2008 Cuvée Goulté Blanc de Noirs, from older, mid-slope vines offered a rush to my midpalate, highlighting the ripeness and high acidity of the vintage. The word “Goulté” is an old Champenois word for the best juice from the press. I’ve heard Goulté described as a single vineyard wine, but it’s from a selection of parcels. Delicious in every vintage, this wine is an achievement in 2008 and it’s so powerful and tightly coiled that it will assuredly age for quite some time.We moved on to Rosé. 2010 base Rosé d’assemblage was very dark in the glass with 15% red wine. Intense and hardly fruity, I liked the wine very much though it paled in comparison to the 2008 Rosé de Saignée. Macerated for 13-15 hours on the skins, this is, essentially, a red wine with a deep sense of earth and chalk mingling with cranberry and tart, wild strawberry fruit.At this juncture, I asked what happens to MN’s Rosé wines with age and had the good fortune to find out. I inquired because I believe that, though fine Champagne can generally age for quite some time, it’s often so pleasurable young that aging it is a question of taste, an instance of what I like to call “just because you can doesn’t mean you should.” Unlike Mathieu Baudry’s Chinon “Croix Boisée” or “Le Bourg” from Clos Rougeard (I am using these examples from Domaines I recently visited though there are, of course, countless examples), which are virtually undrinkable young, structured Champagne turns out to be absolutely delicious young. So why age?

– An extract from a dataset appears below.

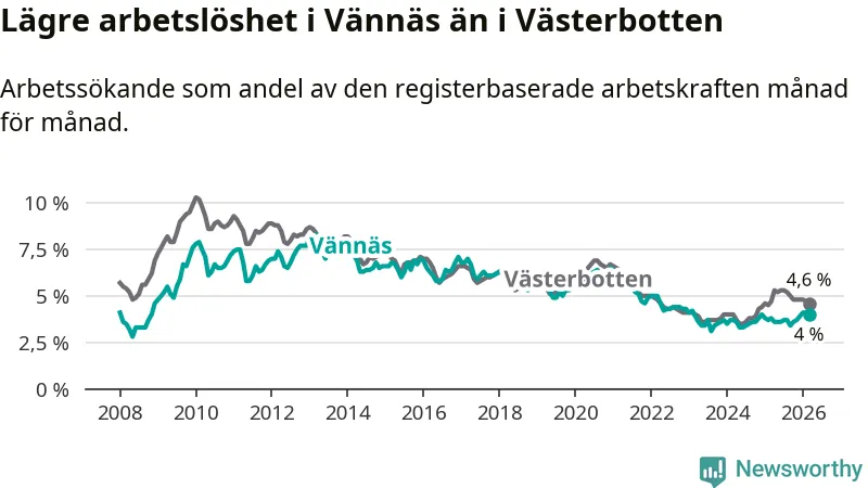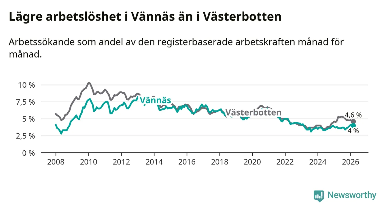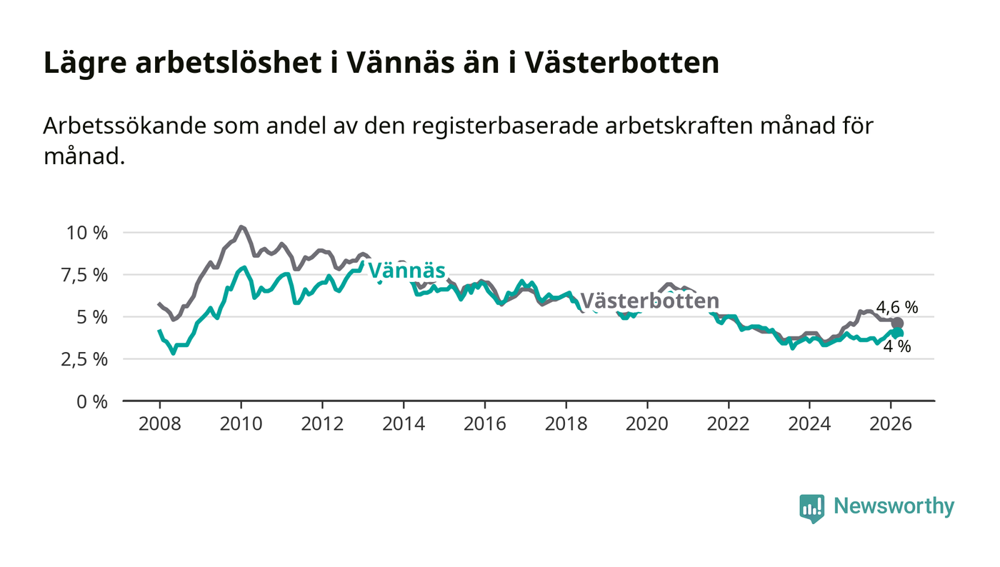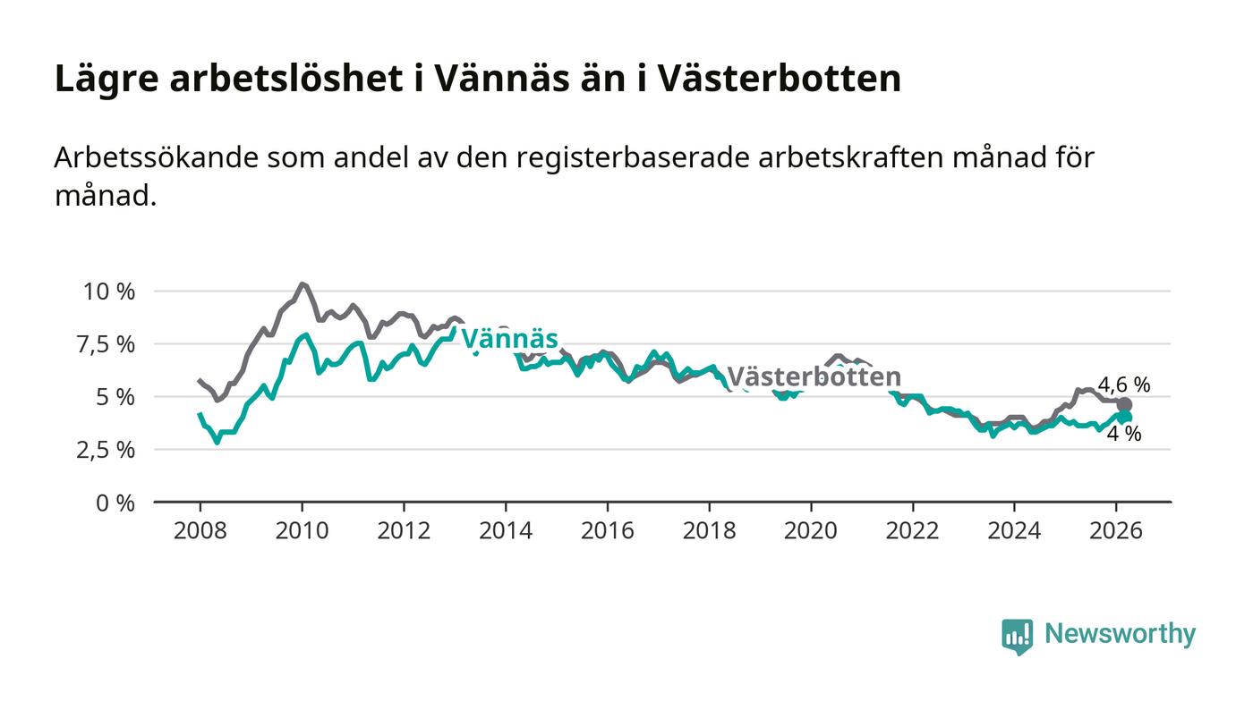 Även om arbetslösheten i Vännäs alltså ökar, så ligger den fortfarande under snittet i hela Västerbottens län (4,0 procent i kommunen, jämfört med 4,6 procent i hela länet). Sorsele har den lägsta arbetslösheten i länet (2,7 procent), medan Skellefteå har den högsta (5,9 procent). För att Vännäs skulle komma ner i samma arbetslöshetsnivå som Sorsele skulle 59 personer behöva sysselsättas.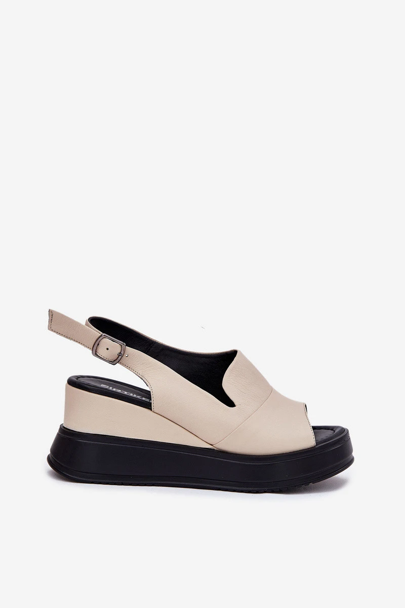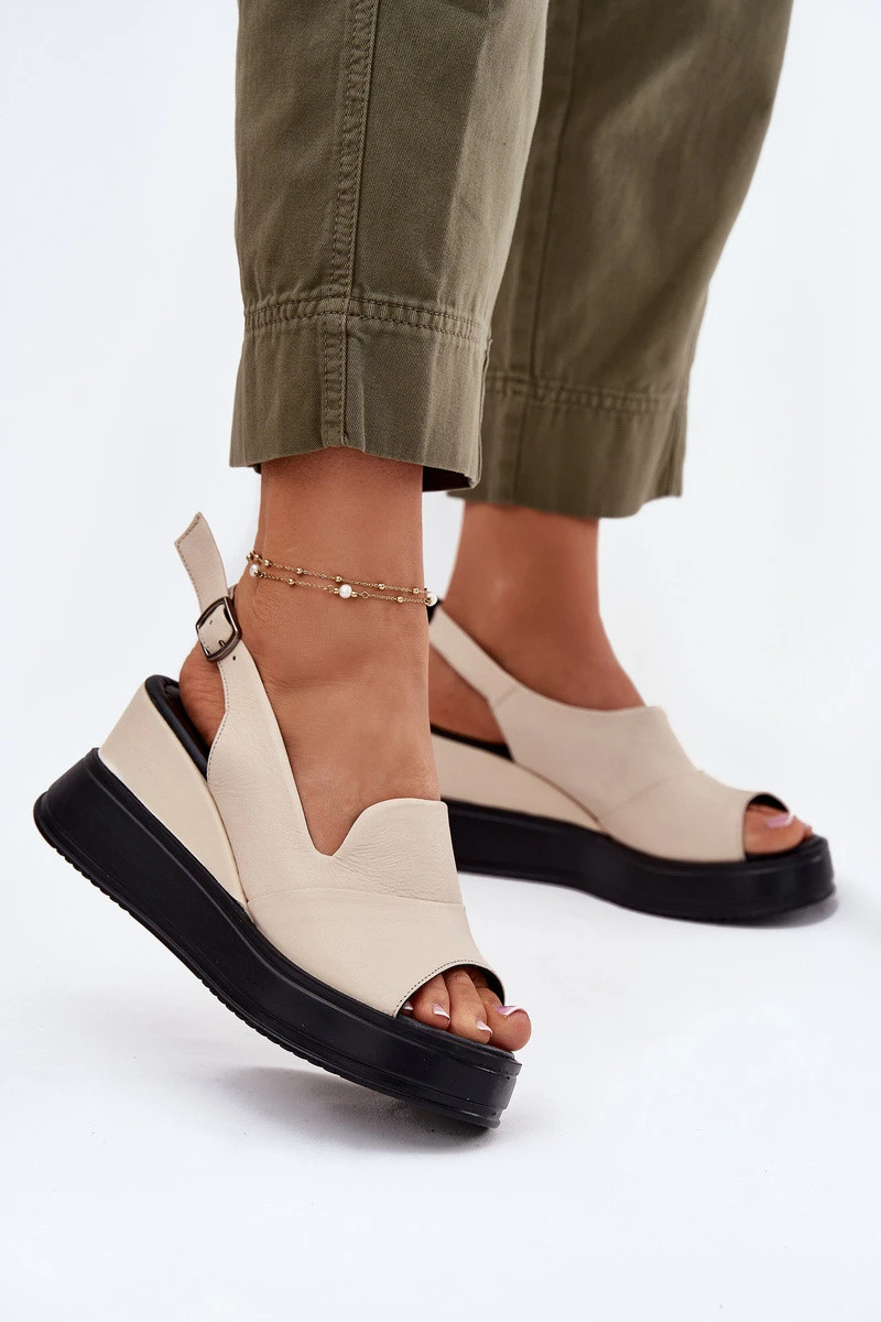 Kožené dámské sandály na klínu model 21697572 béžové - Artiker

MN left us for moment following my query and returned with two bottles. The first, 2005 base Rosé d’assemblage, was the only wine of the tasting that wasn’t great. It has been disgorged for two years and was oddly reduced with a funky fruitiness and a marked lack of cut. We’ll blame the vintage, which was not the best. The wine was followed by a stunning 2004 Rosé de Saignée, which gave me more than an adequate sense of where these wines go with time. Savory notes and cranberries emerged from the glass along with an irony minerality and a hint of drying red berries.  MN told us that she had macerated the grapes longer than usual in 2004, a vintage that produced grapes of more color. It was a tour de force that made me wish I had more patience and a proper cellar.We finished the tasting with three very special bottles. The first was a Blanc de Blanc that MN only made in 2004. It was a toasty and laser like wine that was especially zesty as it had just been disgorged, which gives the bubbles a certain manic quality. Our penultimate wine was a freshly disgorged Ambonnay from 1986, MN’s first vintage. What a treat! This wine was astonishingly youthful, mineral, and energetic after many, long years aging on the lees, and the finish was incredibly long, yeasty and chalky. An intriguing foil to the ’86, our last bottle was a 2000 Ambonnay that had been disgorged since the mid 2000s. Having been off its lees for over half a decade, the wine was quite evolved with the mellow, nutty salinity of mature Champagne. It was a stately wine, the bubbles having receded, and it seemed to provide closure to our tasting. We sat around the tiny table in MN’s cozy tasting room taking in the aroma of grape vines smoldering on the fire.